Ma, a dire il vero, tra i più recenti raid, le cui cronache sono pervenute a me, la mia attenzione critica va al 18 novembre 2022 quando un gruppo appartenente a “Ultima Generazione” sommerse di farina (ripeto: farina, quella di cui si fa il pane!) un’opera di Andy Warhol esposta nella mostra alla Fabbrica del Vapore a Milano. Quella rimase, nella mia percezione, come conferma che la ripetizione del gesto effrattivo nei musei in nome dell’attivismo ambientalista era mutata, aveva prevedibilmente perso mordente e lucidità simbolica: penso inoltre che da allora siano repentinamente cambiate le modalità e la prossemica delle azioni, e così oggi ne registro l’inefficacia e persino la negatività.
Oggi (nei nuovi raid messi a segno) colgo non solo la temuta coazione a ripetere che ne fa scadere il valore comunicativo, ma anche l’ostentazione di una vera e propria ostilità generazionale nei confronti dell’arte, dell’opera d’arte e dei luoghi dove questa produzione umana viene storicamente conservata, valorizzata e messa in scena: i musei. Ne colgo anche una forte carica denigratoria, una vera e propria umiliazione nei confronti degli oggetti più inermi che la cultura concepisce: le opere d’arte.
Questi nuovi raid stanno ab/usando delle opere d’arte celebri, scelte per eclatanza, con una nuova e diversa carica aggressiva: stavolta nessun vetro, nessun diaframma si interpone tra lo sfregio e l’opera; si agisce ‘al vivo’ (con la certezza del danno) sul corpo stesso dell’opera alla quale non si riconosce più alcuna vitalità estetica, spirituale, persino “erotica”: lo stesso principio “politico” [in rapporto proporzionale] con cui la mafia ordinò l’attentato dinamitardo al padiglione di Arte contemporanea di via Palestro, a Milano (con l’obiettivo di punire l’opera d’arte, per una dinamica estorsiva, in termini psicologici e patrimoniali, proveniente da contesti estranei all’arte: perlomeno lì la ‘filiera’ del male era garantita “in coerenza”; qui si vorrebbe veicolare il messaggio positivo e le urgenze ambientali attraverso la negatività di un’azione di sfregio).
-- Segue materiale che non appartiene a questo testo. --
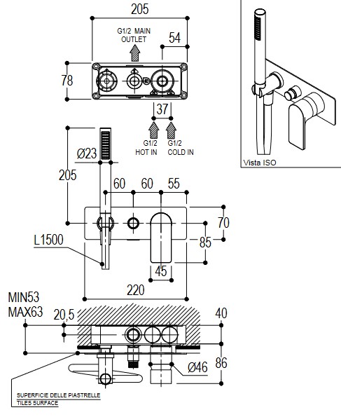 Wymiary: Długość węża: 1500 mmWysokość: 70 mmSłuchawka: 205 mm
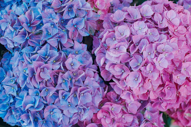 Розовые и фиолетовые соцветия гортензии крупным планом

Ecco perché questa specifica concezione dell’antagonismo ambientalista non sta funzionando e non può funzionare.
Le opere d’arte come ostaggi
A quanti, fuori e dentro al mondo dell’arte, con facilità sacrificherebbero all’attivismo radicale le opere d’arte celebri ‘come ostaggi’ (è arbitrario usare oggi questi termini, lo so) dico no.
Se vogliamo, invece, ridiscutere del portato borghese dell’arte (l’antica tesi di Proudhon e dell’anarchismo delle origini), ritenendola dunque “da giustiziare”, allora parliamone, ma non possiamo tenere un piede in due scarpe; dobbiamo, in quel caso, essere pronti a sacrificare e deprezzare a tal punto l’opera d’arte da ritenerla (nel mondo contemporaneo), tra tutte le merci imputabili, la più prossima ad essere punita per essere divenuta, per etica ed economia, l’oscuro oggetto del desiderio del capitalismo e della borghesia economica mondiale.